__Data for review__.
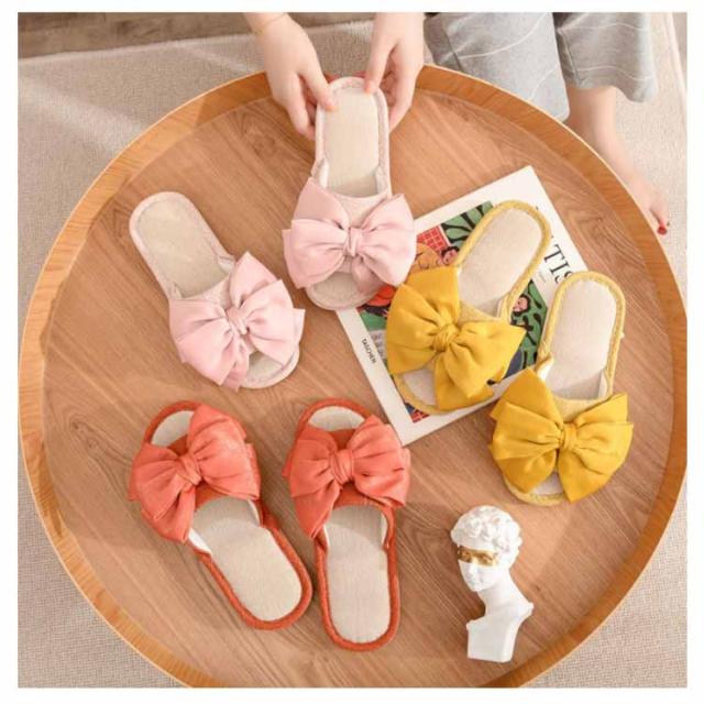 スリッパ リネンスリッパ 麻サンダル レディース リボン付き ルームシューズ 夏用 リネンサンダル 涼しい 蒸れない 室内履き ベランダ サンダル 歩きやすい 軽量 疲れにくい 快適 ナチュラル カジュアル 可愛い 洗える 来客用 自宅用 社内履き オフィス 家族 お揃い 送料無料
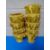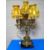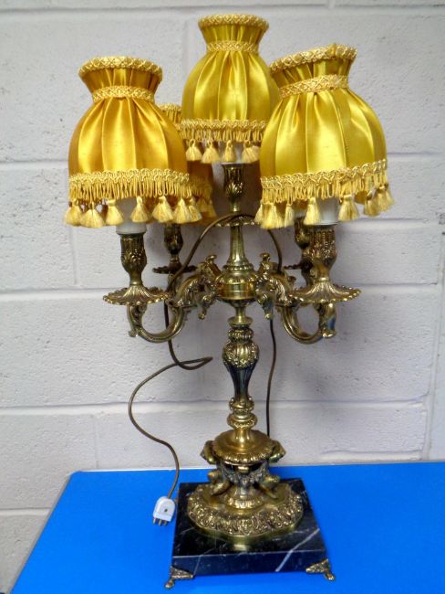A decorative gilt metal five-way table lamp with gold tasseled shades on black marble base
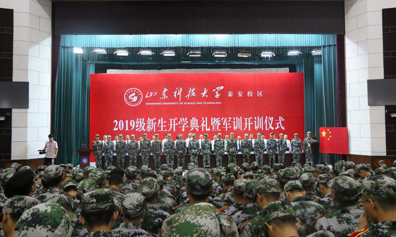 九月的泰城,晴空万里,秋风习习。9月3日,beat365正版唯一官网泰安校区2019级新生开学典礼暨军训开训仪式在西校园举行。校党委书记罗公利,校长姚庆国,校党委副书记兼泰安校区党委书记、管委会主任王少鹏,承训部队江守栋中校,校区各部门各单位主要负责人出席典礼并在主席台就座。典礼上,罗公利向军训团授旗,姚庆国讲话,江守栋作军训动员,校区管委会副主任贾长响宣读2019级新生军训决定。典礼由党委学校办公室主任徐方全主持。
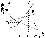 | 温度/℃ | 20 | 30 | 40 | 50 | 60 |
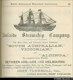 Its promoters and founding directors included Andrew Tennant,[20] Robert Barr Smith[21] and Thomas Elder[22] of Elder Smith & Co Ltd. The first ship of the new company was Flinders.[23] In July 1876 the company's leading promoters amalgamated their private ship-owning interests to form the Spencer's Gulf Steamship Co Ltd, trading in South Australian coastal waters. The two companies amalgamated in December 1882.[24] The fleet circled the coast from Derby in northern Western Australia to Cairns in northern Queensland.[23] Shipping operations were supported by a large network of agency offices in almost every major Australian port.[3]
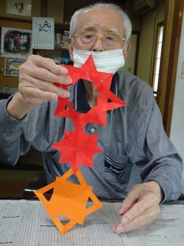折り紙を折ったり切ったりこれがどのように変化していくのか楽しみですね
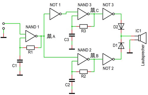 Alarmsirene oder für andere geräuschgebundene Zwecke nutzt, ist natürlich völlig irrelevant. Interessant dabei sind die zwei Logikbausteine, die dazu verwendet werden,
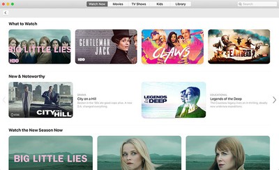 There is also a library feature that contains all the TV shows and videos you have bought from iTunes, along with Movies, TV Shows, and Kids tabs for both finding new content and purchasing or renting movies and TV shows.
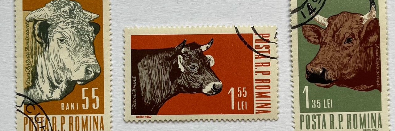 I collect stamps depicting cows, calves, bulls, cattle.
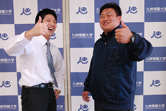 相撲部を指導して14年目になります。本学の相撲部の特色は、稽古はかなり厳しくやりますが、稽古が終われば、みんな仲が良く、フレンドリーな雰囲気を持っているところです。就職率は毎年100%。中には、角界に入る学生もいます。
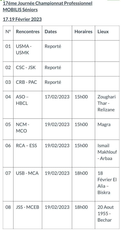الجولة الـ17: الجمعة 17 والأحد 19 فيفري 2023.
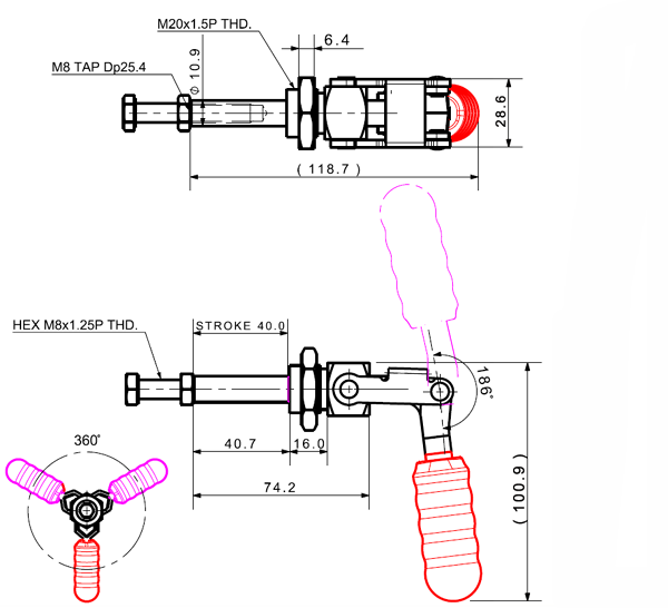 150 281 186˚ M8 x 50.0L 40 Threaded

--

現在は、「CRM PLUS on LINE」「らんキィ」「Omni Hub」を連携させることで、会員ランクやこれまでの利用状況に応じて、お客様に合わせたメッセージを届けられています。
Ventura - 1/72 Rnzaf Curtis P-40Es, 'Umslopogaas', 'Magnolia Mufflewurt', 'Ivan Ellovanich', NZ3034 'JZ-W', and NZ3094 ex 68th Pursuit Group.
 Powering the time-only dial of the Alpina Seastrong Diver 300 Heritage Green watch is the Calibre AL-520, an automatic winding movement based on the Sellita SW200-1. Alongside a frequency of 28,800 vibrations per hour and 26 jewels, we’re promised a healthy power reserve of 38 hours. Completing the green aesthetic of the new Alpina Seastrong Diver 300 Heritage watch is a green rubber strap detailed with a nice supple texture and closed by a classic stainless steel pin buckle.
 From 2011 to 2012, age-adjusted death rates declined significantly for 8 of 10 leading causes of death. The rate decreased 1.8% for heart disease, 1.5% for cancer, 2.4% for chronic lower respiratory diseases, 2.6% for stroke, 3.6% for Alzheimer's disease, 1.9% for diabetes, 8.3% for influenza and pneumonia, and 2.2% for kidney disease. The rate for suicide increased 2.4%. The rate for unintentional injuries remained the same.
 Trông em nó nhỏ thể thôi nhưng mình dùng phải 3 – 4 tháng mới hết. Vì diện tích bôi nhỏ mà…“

__Brief__. Both the line above containing "Alarmsirene oder für" and the line containing "150 281 186˚ M8 x 50.0L 40 Threaded" belong in the copy, along with every line between them; print these exactly and omit the pictures.

__Task solution__.
 Alarmsirene oder für andere geräuschgebundene Zwecke nutzt, ist natürlich völlig irrelevant. Interessant dabei sind die zwei Logikbausteine, die dazu verwendet werden,
 There is also a library feature that contains all the TV shows and videos you have bought from iTunes, along with Movies, TV Shows, and Kids tabs for both finding new content and purchasing or renting movies and TV shows.
 I collect stamps depicting cows, calves, bulls, cattle.
 相撲部を指導して14年目になります。本学の相撲部の特色は、稽古はかなり厳しくやりますが、稽古が終われば、みんな仲が良く、フレンドリーな雰囲気を持っているところです。就職率は毎年100%。中には、角界に入る学生もいます。
الجولة الـ17: الجمعة 17 والأحد 19 فيفري 2023.
 150 281 186˚ M8 x 50.0L 40 Threaded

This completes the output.